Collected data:
──────────────────────────────

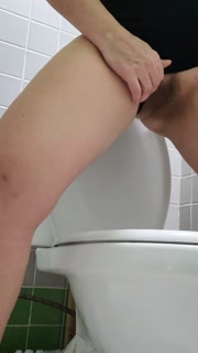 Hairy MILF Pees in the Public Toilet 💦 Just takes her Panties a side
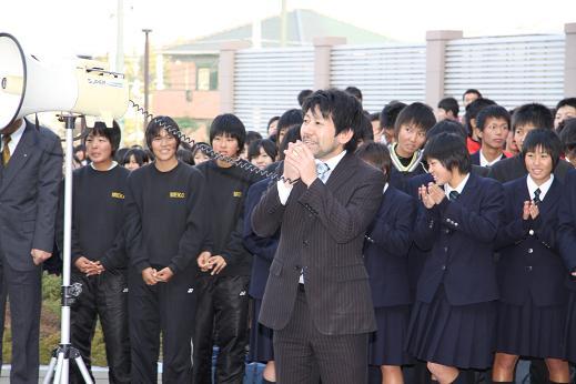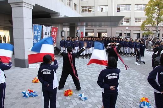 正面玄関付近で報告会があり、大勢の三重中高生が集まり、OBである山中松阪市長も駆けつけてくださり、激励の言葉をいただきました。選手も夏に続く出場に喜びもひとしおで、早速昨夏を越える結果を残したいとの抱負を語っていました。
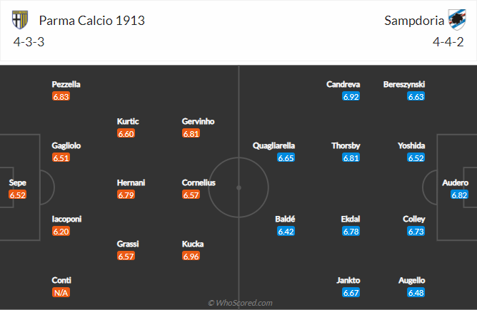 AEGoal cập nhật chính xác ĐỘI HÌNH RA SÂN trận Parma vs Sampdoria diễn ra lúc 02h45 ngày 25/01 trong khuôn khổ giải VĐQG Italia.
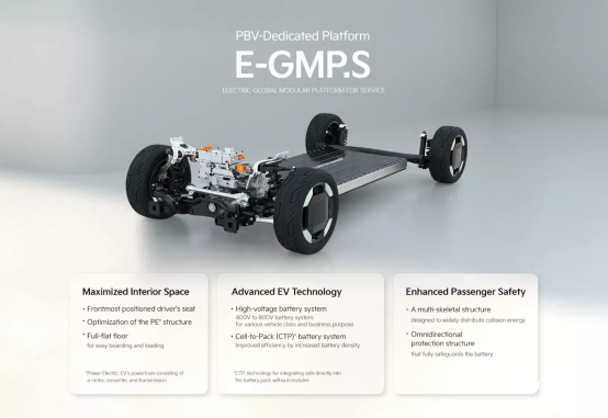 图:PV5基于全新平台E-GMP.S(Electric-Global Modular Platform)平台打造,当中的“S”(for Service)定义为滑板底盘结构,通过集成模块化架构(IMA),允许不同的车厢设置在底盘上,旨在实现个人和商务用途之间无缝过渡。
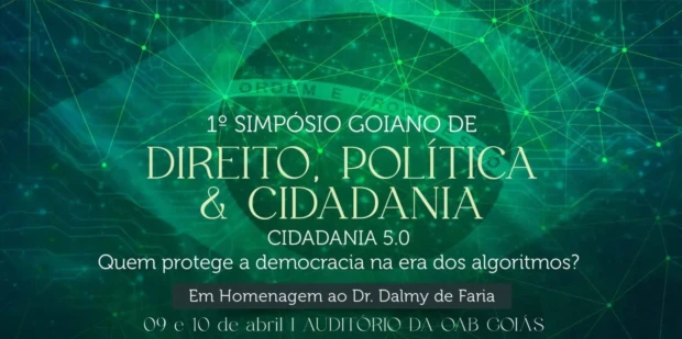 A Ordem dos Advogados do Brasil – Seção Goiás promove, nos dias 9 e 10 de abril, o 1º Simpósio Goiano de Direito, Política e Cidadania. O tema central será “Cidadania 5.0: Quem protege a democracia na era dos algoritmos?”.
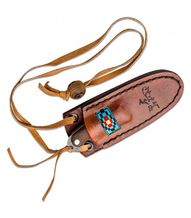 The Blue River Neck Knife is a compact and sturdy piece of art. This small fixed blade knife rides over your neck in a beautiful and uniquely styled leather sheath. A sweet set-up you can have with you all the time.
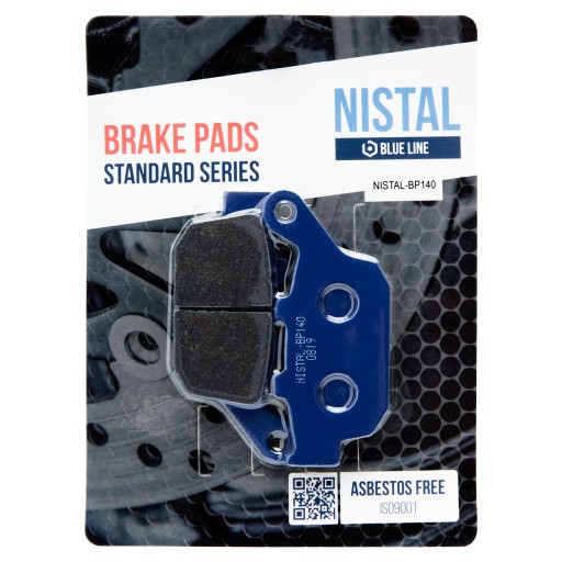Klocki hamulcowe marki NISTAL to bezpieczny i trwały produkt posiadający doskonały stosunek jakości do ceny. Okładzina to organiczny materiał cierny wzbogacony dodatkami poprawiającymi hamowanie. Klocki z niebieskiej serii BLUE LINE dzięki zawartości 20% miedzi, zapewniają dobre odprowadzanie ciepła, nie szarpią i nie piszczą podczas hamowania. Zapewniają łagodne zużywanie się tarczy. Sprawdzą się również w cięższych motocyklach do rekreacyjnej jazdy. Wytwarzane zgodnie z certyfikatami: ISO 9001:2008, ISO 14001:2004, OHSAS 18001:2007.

──────────────────────────────

• **What is required**:
Reproduce every record above exactly, but leave out the pictures.

• **Written reply**:
 Hairy MILF Pees in the Public Toilet 💦 Just takes her Panties a side
 正面玄関付近で報告会があり、大勢の三重中高生が集まり、OBである山中松阪市長も駆けつけてくださり、激励の言葉をいただきました。選手も夏に続く出場に喜びもひとしおで、早速昨夏を越える結果を残したいとの抱負を語っていました。
 AEGoal cập nhật chính xác ĐỘI HÌNH RA SÂN trận Parma vs Sampdoria diễn ra lúc 02h45 ngày 25/01 trong khuôn khổ giải VĐQG Italia.
 图:PV5基于全新平台E-GMP.S(Electric-Global Modular Platform)平台打造,当中的“S”(for Service)定义为滑板底盘结构,通过集成模块化架构(IMA),允许不同的车厢设置在底盘上,旨在实现个人和商务用途之间无缝过渡。
 A Ordem dos Advogados do Brasil – Seção Goiás promove, nos dias 9 e 10 de abril, o 1º Simpósio Goiano de Direito, Política e Cidadania. O tema central será “Cidadania 5.0: Quem protege a democracia na era dos algoritmos?”.
 The Blue River Neck Knife is a compact and sturdy piece of art. This small fixed blade knife rides over your neck in a beautiful and uniquely styled leather sheath. A sweet set-up you can have with you all the time.
Klocki hamulcowe marki NISTAL to bezpieczny i trwały produkt posiadający doskonały stosunek jakości do ceny. Okładzina to organiczny materiał cierny wzbogacony dodatkami poprawiającymi hamowanie. Klocki z niebieskiej serii BLUE LINE dzięki zawartości 20% miedzi, zapewniają dobre odprowadzanie ciepła, nie szarpią i nie piszczą podczas hamowania. Zapewniają łagodne zużywanie się tarczy. Sprawdzą się również w cięższych motocyklach do rekreacyjnej jazdy. Wytwarzane zgodnie z certyfikatami: ISO 9001:2008, ISO 14001:2004, OHSAS 18001:2007.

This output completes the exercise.